An XML sitemap is ideal for sites where some pages are updated more often or where some pages are more significant than many others. For instance, a local company might update its opening hours or product lists quite often, while infrequently updating the page describing the history of its company. In that case, the webmaster would need to notify search engines when it does its ordinary site crawling to put a higher priority in the hours page. Likewise, the webmaster can put an increased importance on the hours pages or perhaps on other pages with particular content, so the search engine’s site indexing ranks those pages greater.

Sitemaps should comprise the date a page was last altered, how often that page changes and that page’s priority. The last modified date is merely the calendar date the page last changed. The precedence is a value from zero to 1 with a default of 0.5. Writing out this advice for each page isn’t challenging, but it could be boring. Using an XML sitemap generator can help decrease the quantity of work a webmaster has to do when creating the sitemap. While other web sites provide offline generators several web sites provide an on-line sitemap generator.

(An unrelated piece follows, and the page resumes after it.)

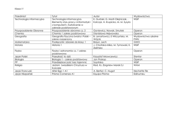 Klasa I f Przedmiot Technologia informacyjna Przysposobienie Obronne Chemia Geografia Matematyka Historia Fizyka Język Polski Biologia PP Religia Język Francuski Język Hiszpański Tytuł Technologia informacyjna. Elementy stylu pracy z informatyki i z komputerm. Kształcenie w zakresie podstawowym Przysposobienie obronne cz. 2 Chemia 1 zakres podstawowy Geografia fizyczna świata i Polski – zakres rozszerzony Podręcznik i zbiorek do klasy: 1 Historia 1 Fizyka i astronomia cz. 1 zakres podstawowy Przeszłość to dziś Biologia 1 – zakres podstawowy Przedsiębiorczość bez tajemnic Jestem świadkiem Chrystusa w Kościele Alter Ego 1 A1 Prisma Comenza A1 Autor E. Gurbiel, G. Hadt-Olejniczak, . Kołczyk, H. Krupicka, M. M. Sysyło Wydawnictwo WSiP Goniewicz, Nowak, Smutek Stanisława Hejwowska B. Lenartowicz, E Wilczyńska, M. Wójcik Braun, Lech J. Choińska-Mika, M. Tymowski, K. Zielińska Operon Operon Wydawnictwo szkolne PWN GWO WSiP Operon Krzysztof Mrowcewicz Jan Prokop Sopińska Red. Ks. Zbigniew Marek SJ Stentor Operon WSiP WAM A. Bertlut, C. Hugot Equipo Prisma Hechette Fle Edinumeu

In case your site features many thousands of web pages, you must utilize a professional sitemap creator instead. It can save you a huge amount of time and in some cases your sanity! They’re not expensive in fact I used one in Paris for many years which was completely free although it was restricted to French IP addresses only, so I had to use a proxy in France like this.

Although a sitemap is frequently overlooked, it is an essential resource which helps search engines understand sites. Sitemaps can be basic or complicated, conditioned upon the site’s size and demands.